Can you get there with an empty module? (As a module that does not define any IR Global?)

The model I have in mind with the thin-link is that we operate on the combined index which represent all the files we're processing accurately. The linker provides us with the external references (among other informations).

As I mentioned to you in person the other day, this model is broken by modules with empty summaries: some of the combined index transformations may be wrong (miscompile) because of that.

We need to rework a bit the model for these modules...

Yes I was thinking about this some more after our conversation Wed. I think the right way to go is to do something like we do now with the HasSection flag which prevents importing any references - we can either add another bit or generalize that one - then set it for all GVs. That way they can be in the reference graph but not be imported.

But this change is needed for now to keep the current model working and to be able to commit D25359 which depends on this.

lib/Transforms/IPO/FunctionImport.cpp
554

Sure, but then we wouldn't call back into MustPreserveGV so it is fine to exit here early.

But this change is needed for now to keep the current model working

"Keep the current model working" isn't exact: I believe it is broken since the recent addition of "false empty summaries" for module.
So have the current model working again now, you would need to revert this.

But this change is needed for now to keep the current model working

"Keep the current model working" isn't exact: I believe it is broken since the recent addition of "false empty summaries" for module.
So have the current model working again now, you would need to revert this.

I was referring to the model of preventing importing and renaming by suppressing the summary. Which has other issues as discussed, but this change at least makes the current handling uniform.

Ping. The fix in D25359 (which you already LGTM'd) depends on this change to make the handling of empty summaries consistent between llvm-lto and llvm-lto2 (i.e. ThinLTOCodeGenerator and the new LTO API).

The other alternative is to commit D25359 without any llvm-lto based tests, but that seems less than ideal.

Sorry, forgot about this patch.

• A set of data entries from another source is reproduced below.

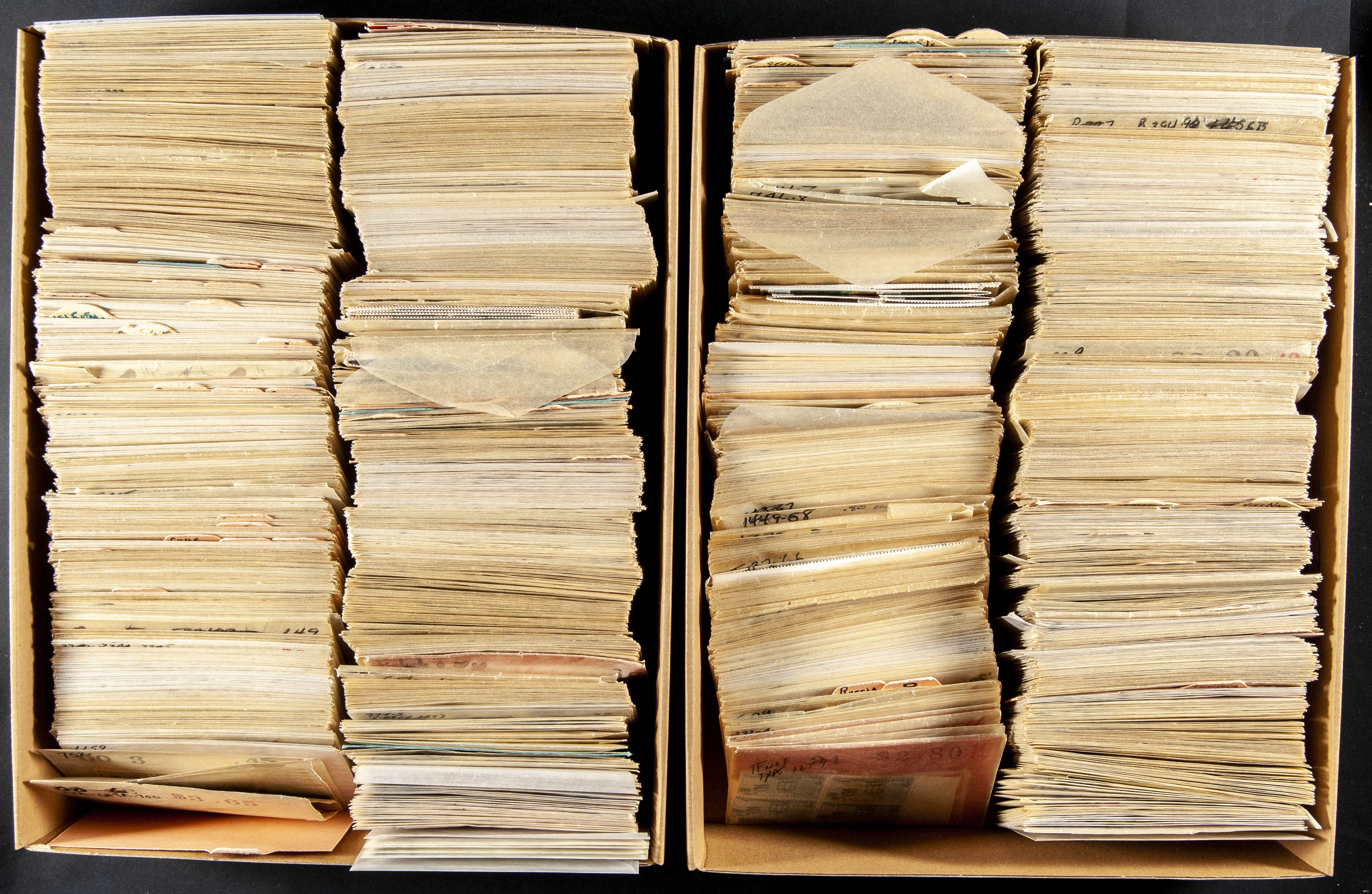 ★★/(1960ca). Interesting set of thousands of complete series and single stamps from various countries in new (some used), mounted in glass envelopes with indication of the Scott catalog numbering. HIGH CATALOG VALUE. TO EXAMINE.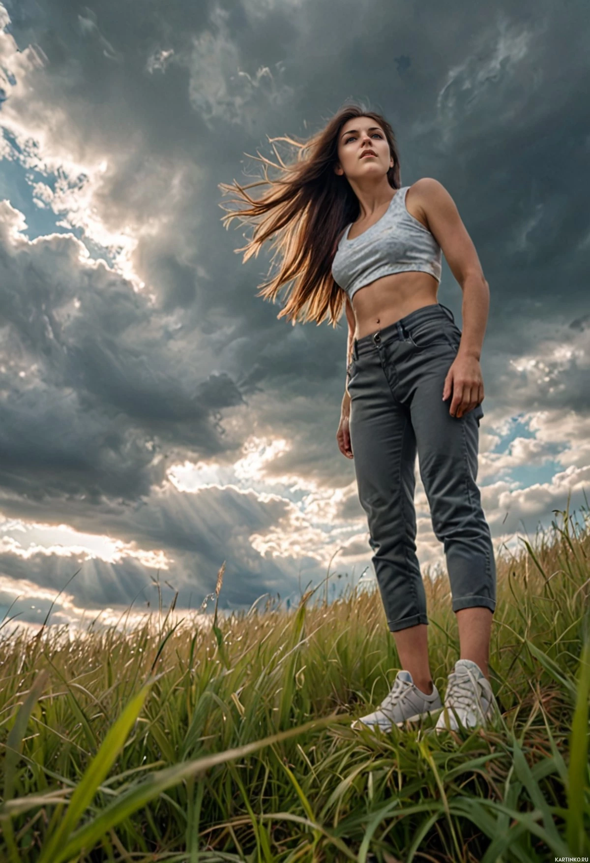 Девушка, излучающая силу вопреки надвигающейся буре Больше картинок по схожим темам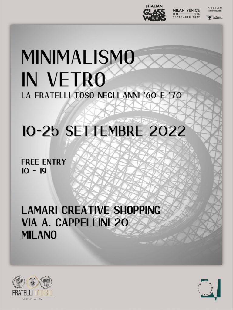 In occasione dell' Anno Internazionale del Vetro, Il Mondo del Vetro partecipa a The Italian Glass Week e presenta, in collaborazione con la Fratelli Toso, la mostra "Minimalismo in Vetro: la Fratelli Toso negli anni '60 e '70"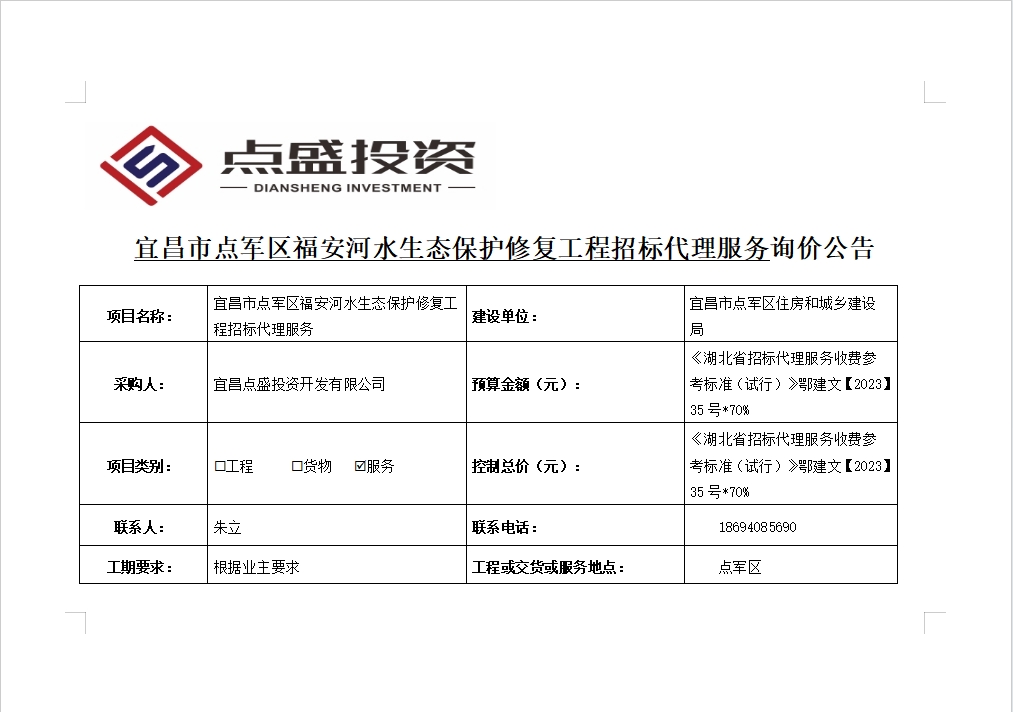 宜昌市點軍區(qū)福安河水生態(tài)保護(hù)修復(fù)工程招標(biāo)代理服務(wù)詢價公告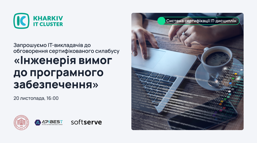 Харківський ІТ Кластер запрошує ІТ-викладачів закладів освіти та всіх охочих до обговорення рецензованого силабусу дисципліни «Інженерія вимог до програмного забезпечення» у межах проєкту «Система сертифікації ІТ-дисциплін».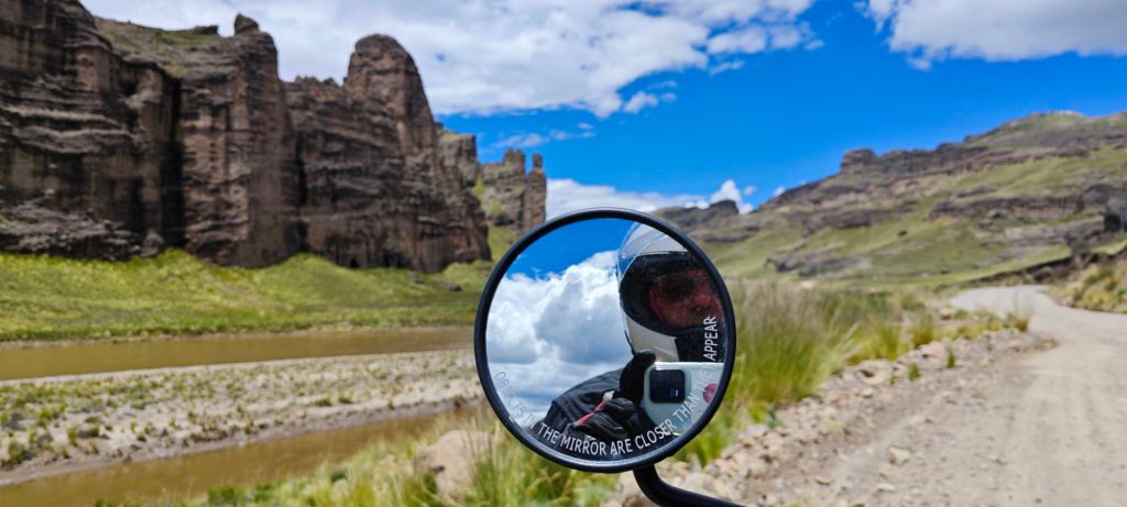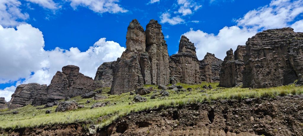 Bislang waren wir ab Puno auf teils sehr gut ausgebauten Straßen unterwegs, die so allmählich von bestem Asphalt, unterbrochen von kurzen Schotterstrecken in reinen Schotter übergegangen waren. Vor allem im Gebiet der großartigen Felsnadeln war die Straße etwas ruppig aber gut zu fahren.

My main concern last week was that I fear we're piling-up on top of a fragile foundation: that'd be building technical debt. So I was trying to narrow down how to make sure we're not on a slippery slope with the current situation.

I was referring to the model of preventing importing and renaming by suppressing the summary.

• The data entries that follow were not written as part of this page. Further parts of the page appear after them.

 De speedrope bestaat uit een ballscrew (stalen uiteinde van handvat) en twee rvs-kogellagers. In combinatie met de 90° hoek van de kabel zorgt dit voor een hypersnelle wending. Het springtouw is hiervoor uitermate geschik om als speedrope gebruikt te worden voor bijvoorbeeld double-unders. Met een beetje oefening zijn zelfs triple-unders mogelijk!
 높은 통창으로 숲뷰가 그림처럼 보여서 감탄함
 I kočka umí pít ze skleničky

I don't know what you referred to?

Sorry, forgot about this patch. My main concern last week was that I fear we're piling-up on top of a fragile foundation: that'd be building technical debt. So I was trying to narrow down how to make sure we're not on a slippery slope with the current situation.

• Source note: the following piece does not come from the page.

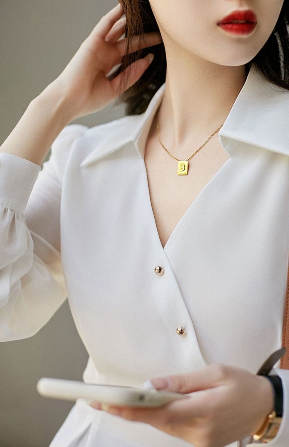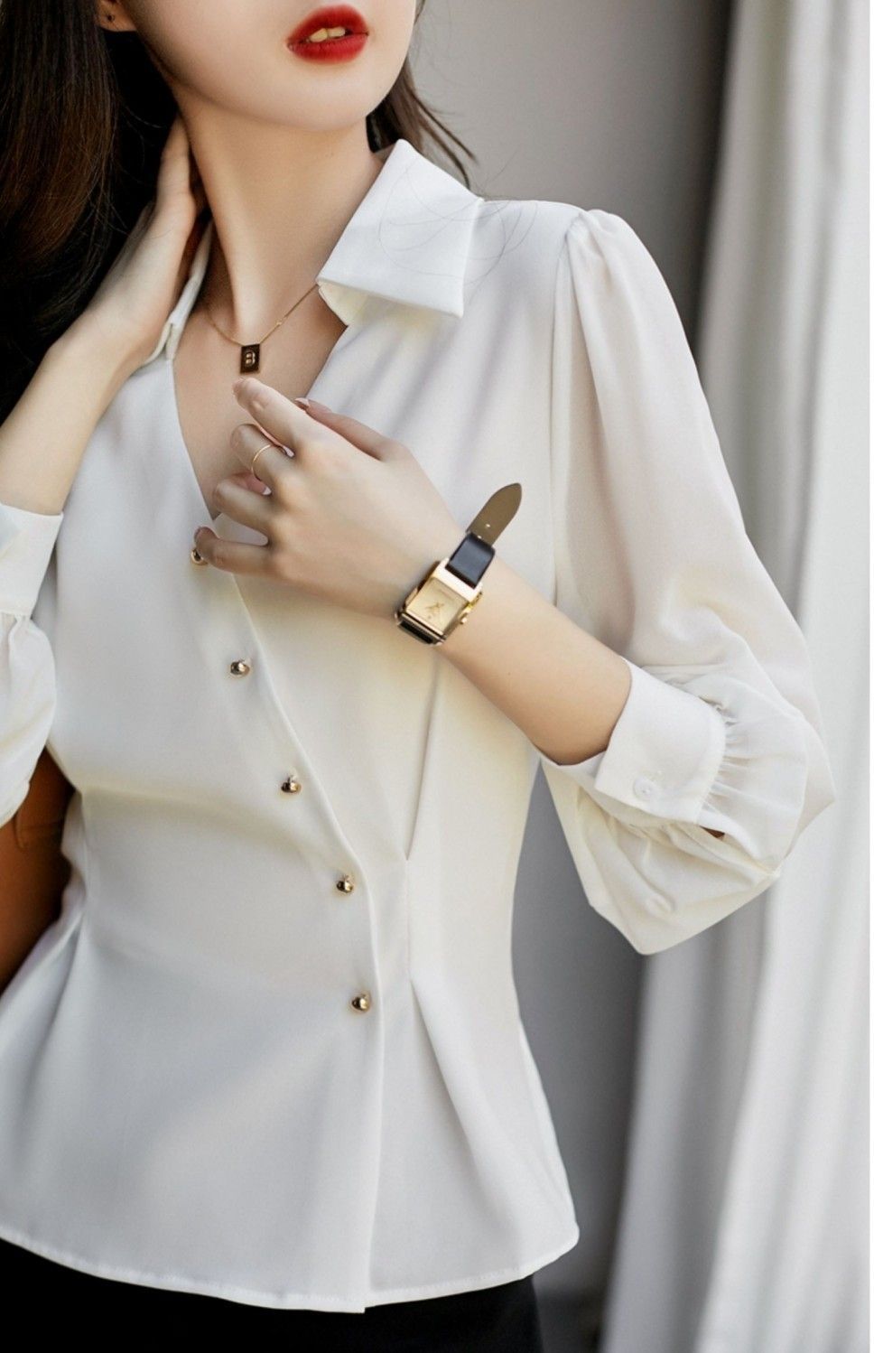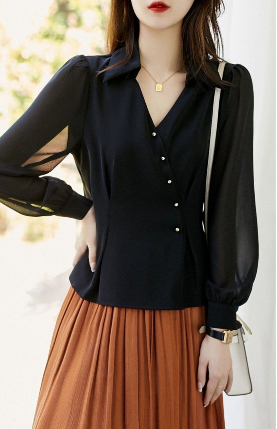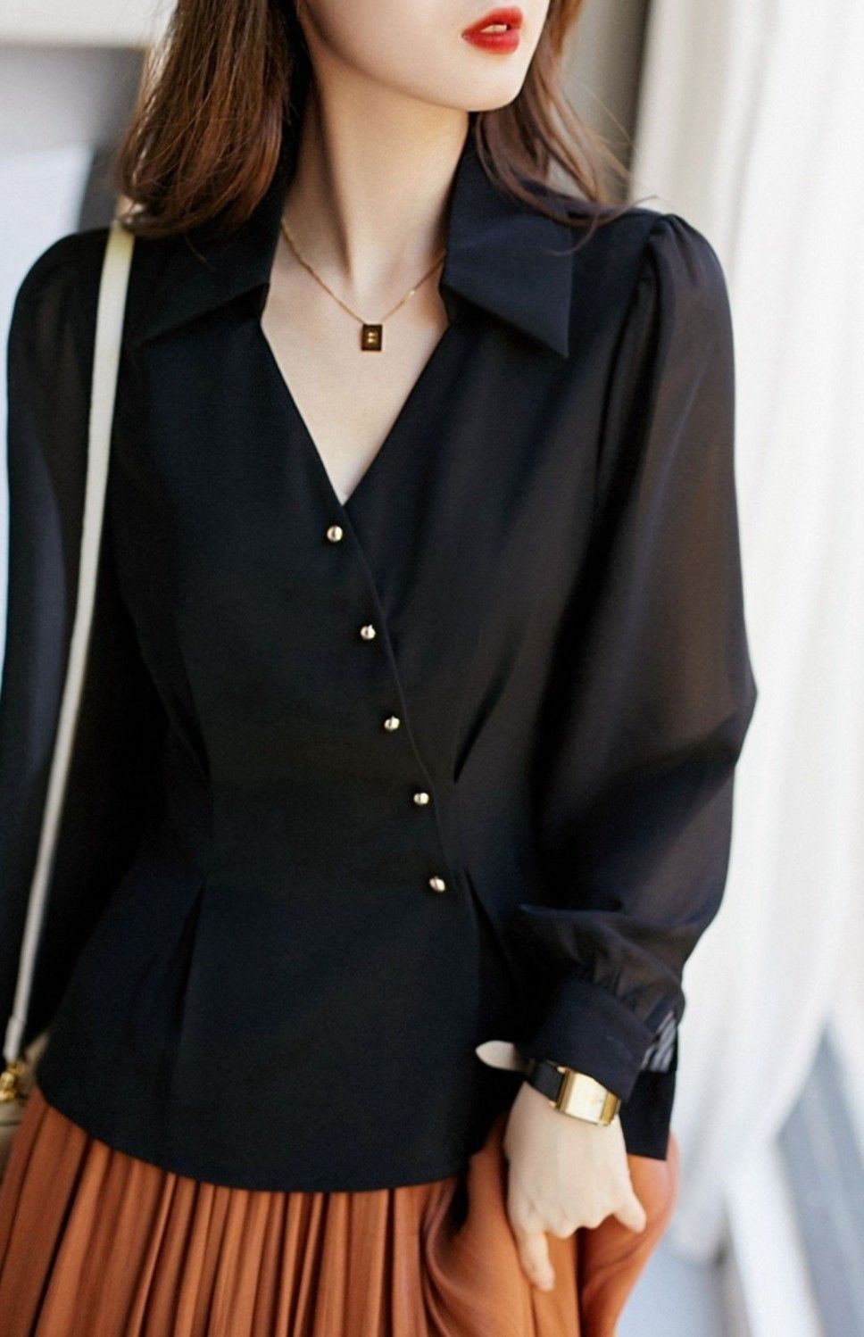 2025 가을 새 스타일 우아한 V 자형 옷깃 틈새 디자인 센스 비스듬한 플래켓 버클 타이트 허리 디자인 셔츠스토어 가기

I was referring to the model of preventing importing and renaming by suppressing the summary.

I don't know what you referred to?

I'm referring to the model where we invoke llvm::moduleCanBeRenamedForThinLTO() to guard building a summary when we can't rename (e.g. due to inline assembly, or with D25359, due to module level assembly)

But my issue is not what moduleCanBeRenamedForThinLTO() does right now, but rather what do we do when it returns "false". These modules previously didn't go through the ThinLTO pipeline, so it was fine. Now they have an empty summary and they go to the thin-link. This seems an issue to me, and I rather have a proper answer design-wise rather than patching over-and-over as bugs are reported.

But my issue is not what moduleCanBeRenamedForThinLTO() does right now, but rather what do we do when it returns "false". These modules previously didn't go through the ThinLTO pipeline, so it was fine. Now they have an empty summary and they go to the thin-link. This seems an issue to me, and I rather have a proper answer design-wise rather than patching over-and-over as bugs are reported.

Note that the bug that is being fixes is not due to this model. We are just using the same model to address it as with inline assembly.

Agree that a better long term solution is needed soon, but in the meantime it would be good to be able to fix the module assembly issue now, since we already use this approach for inline assembly, and also address the difference in how this case is being handled here in internalization.